The endless days of summer seem less so when divided up by vacations and ministries and separated into three month blocks and two are already behind us. School starts in just one more month, the rush for pencils and a new backpack, clothes that aren’t stained from mud fights and drips from ice cream cones, shoes to fit feet that grew while exposed to grass and sand and fresh air, it all speeds the clock on the last month until suddenly the noise and chaos are over and quiet has come again. I know from too many years what to expect, this last month is precious. The urgency with I will lay out paints on the porch, build fires in the back, take trips to the zoo and water fountains on campus, sure it is for him but also because I need to wring every last bit out of summer with this child before he becomes a first grader, taking more steps away from the baby I know.

Time is a cruel reminder of how little control I have as I mark my calendar, look at anniversaries and wonder about progress. I joked with a friend about how little patience I have, something I surely should have gained now at my age. Rather, I am throwing my hands up, this is now a registered character flaw I cannot fix, must manage and accept. I want everything now. I need resolution, dessert, to lose my extra weight, hotter coffee, a haircut, a nap, all now. Right as the need arises, my mind contorts in confusion when events don’t happen at my speed. Thus slowing down summer, keeping this child safely just a boy and not sending him ever out into a dangerous world of choices filled with drugs and sex and violence, I want it all to stop, an unusual speed setting for me. A contradiction, borne of too much knowledge, too much loss, heartache that steals sleep and brings unexpected tears, I just want us to play more. Then a friend posted about adopting her daughter and I was reminded again of who God is and who I am.

Without sharing too much, she talked about her desire for a child and waiting, waiting, all the while her daughter was being born far away and she would meet her years later. I know this family and the absolute joy in the mothering, the delight she takes in her children. She has talked freely about her agony during her times of infertility. Yet God had a bigger plan all along, her family brings smiles and laughter to our circle and inspires many others to consider the same road. What can I learn from her celebration yesterday?

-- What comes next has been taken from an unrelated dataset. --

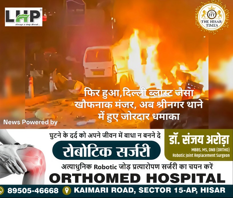 हिसार टाइम्स – दिल्ली में लाल किले के सामने 10 नवंबर को हुए घातक विस्फोट जैसा ही खौफनाक मंजर श्रीनगर में कल रात देखने को मिला। श्रीनगर के नौगाम थाने में हुए धमाके में छह लोगों की मौत हो गई और दो दर्जन से अधिक घायल हो गये। घायलों में अधिकांश पुलिसकर्मी हैं। घायलों को इलाज के लिए उजाला सिग्नस, SMHS और 92 बेस अस्पताल में शिफ्ट किया गया है। धमाका इतना जबरदस्त था कि आसपास के घरों के शीशे टूट गए और इसकी आवाज कई किलोमीटर दूर तक सुनी गई. रिपोर्ट्स के अनुसार, रात करीब 11:22 बजे बड़ा धमाका नौगाम पुलिस स्टेशन के आसपास हुआ है.

Is God any less aware of the desires of my heart? Isn’t it quite possible that what I am asking for is so small compared to what He is bringing to us?

Faithful waiting, living fully while the clock keeps ticking, continuing to do the next right thing, this is God’s ask of me. Trusting that one day I will write about joyous reconciliations, about bigger loves and wilder outcomes, that is believing that God is in control of the calendar, the world, my heart. So we will make our muddy messes on the front porch, have s’mores in the back, we will paint rocks and maybe some trees with abandon. School will start soon enough, the boy will continue to grow. God protects him more than I ever will be able to, He just wants me to love him today. My job is really quite easy when put that way. Let the clock tick, we have playing to do.

Savor

How We Survived A Devastating Year

After an intense week with little sleep or real time to think, the quiet now has descended and my thoughts are swirling, invading, pushing through weakened defenses. Memories of last year and the shock, the pain, the anger are resurrected, knowledge of what we have survived, what little we knew we were to face, I find the wounds have yet to fully heal. Last year this week Chef was quite unceremoniously, entirely unexpectedly cut off from everything he was for 18 1/2 years, we were left with no income and so began a period of mourning and self-discovery marred by the fear of homelessness. Broken promises, lost routine, expectations of the future all paled as we wondered how to pay the mortgage, soon how to even get out of bed in the morning. As the days became weeks and then months, the answers we sought, that everyone seeks during sudden loss, were elusive. Ultimately, all we truly had, all we ever can depend on, was our faith.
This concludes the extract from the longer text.